European billionaires fear that those who pay $370,000 a year to CEO of family offices will not be able to find the talent to manage their destiny

While very high net families in Europe are moving rapidly to get things ahead of a massive wealth transfer, the biggest challenge to hand over fate is the clear shortage of workers eager to seek pay cuts to manage billions.
a Report HSBC’s Global Private Banking and Canden Wealth examined the status of European family offices and examined 101 offices with a wealth of $136 billion. Ensuring strong returns and learning how to deploy generative AI was an important concern from those families.
But the biggest obstacle is finding the right people to manage their destiny.
Over a third (36%) of wealthy respondents in the survey said they have a limited pool of talent available with the appropriate personal skills to manage the property. Just a third (32%) said they had a hard time finding a leader with the right interpersonal skills.

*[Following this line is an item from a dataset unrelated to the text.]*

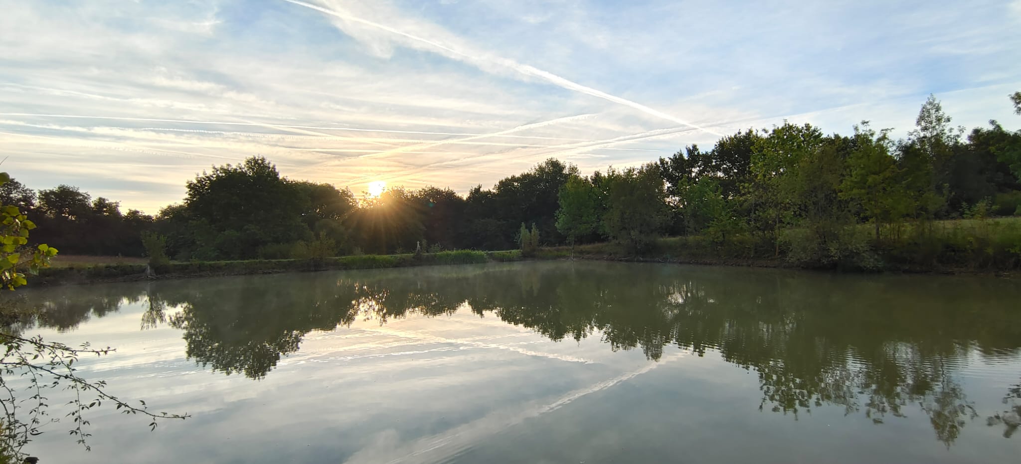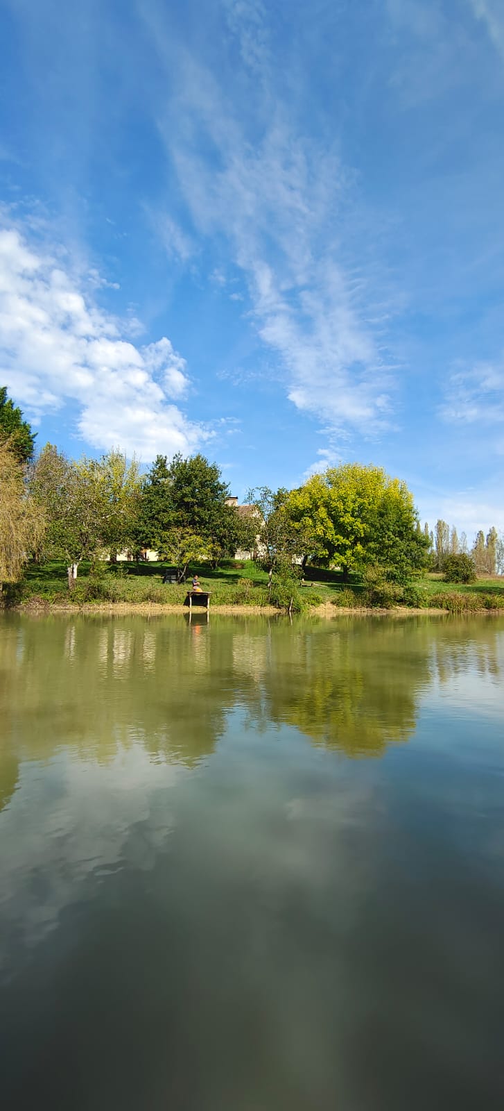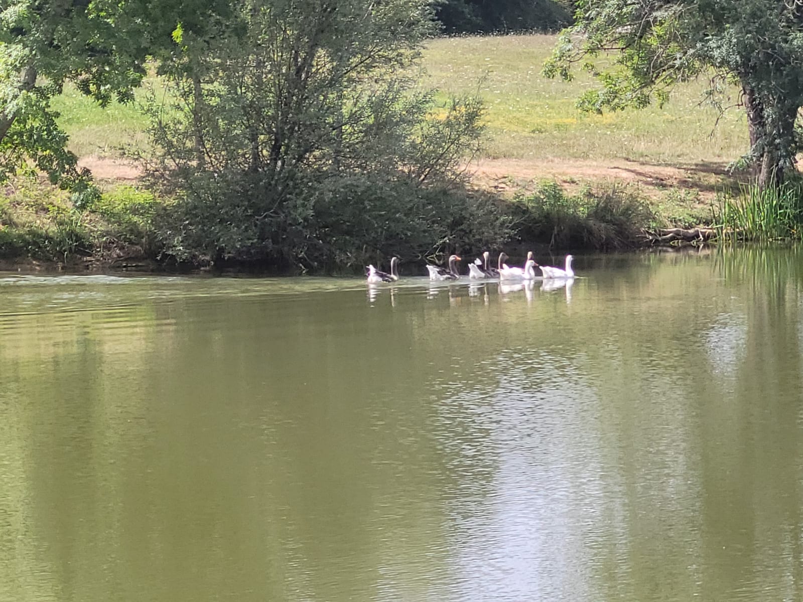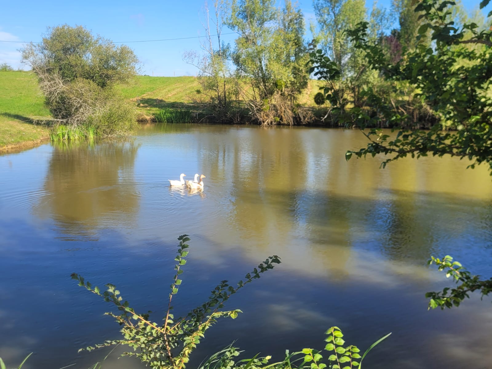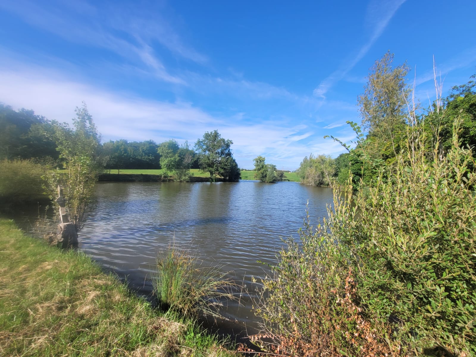 Très calme, sur propriété en campagne (15 ha) avec deux grands étangs privés pour pêche (dont black bass) et forêt privée.

Running a family office can be a lucrative gig. The survey shows that the average is $288,000 (274,600 Euros), while the highest-paid CEO at Family Offices earns rakes at $500,000 (476,000 Euros) per year. Although attractive, the numbers do not compare favorably with other investment jobs at similar levels. Executive search company Heidrick & Stargals Found The average salary for a private equity support CEO was $447,000 (426,000 Euro).
Meanwhile, the CEO of a minimum wage family office earns only about $120,000 (114,000 euros) a year.
Billionaires look outside their family
Looking deeper into the numbers, families with assets of over $1 billion pay the CEO with an average of just $370,000 (353,000 euros) per year.
Baseline numbers represent less than 0.037% of the fate of these families. For families, the numbers are low because it’s for CEOs of family offices that cost less than $500 million.
To attract talent, the family office is looking to add more incentives to bring the best talent, the report says. Most offer discretionary performance bonuses, but offer minority co-investment opportunities or share of profits generated.
The Family Office is using historically fame to recruit leaders. Leaders are also tempted by small set-ups. They are usually a single digit number for employees, allowing each worker to have a defined impact. They also tended to attract heirs who were keen to carry their estates.
However, these factors, like before, may not have the same pull for non-family members. Meanwhile, younger generations are increasingly fascinated by retaining their parents’ heritage and are interested in creating their own heritage.
One of the UK founders of the Family Office told the author: “I think there will be a shortage of people to run family offices. A family born in the 1960s and running family offices for 15 or 20 years, has retired.
“Many next Jens will want to do their own thing from their family offices. Recruiting staff gradually becomes more difficult. Who will try to fill the gap? Family offices are forced to bring more specialized staff from financial institutions, and their culture will change.”
However, the CEO of one family office told the author that compliance and regulatory overload at large investment companies is considering moving more investment managers to set up smaller family offices.
As baby boomers hand over businesses and assets to the next generation, the appeal of hiring non-family members to manage family offices is growing. This will save you from the horrifying battle of inheritance among your descendants.
The CEO of the UK Family Office told the author: “Our next Jen has seven cousins and three siblings, all or part of them work in a family business or family office.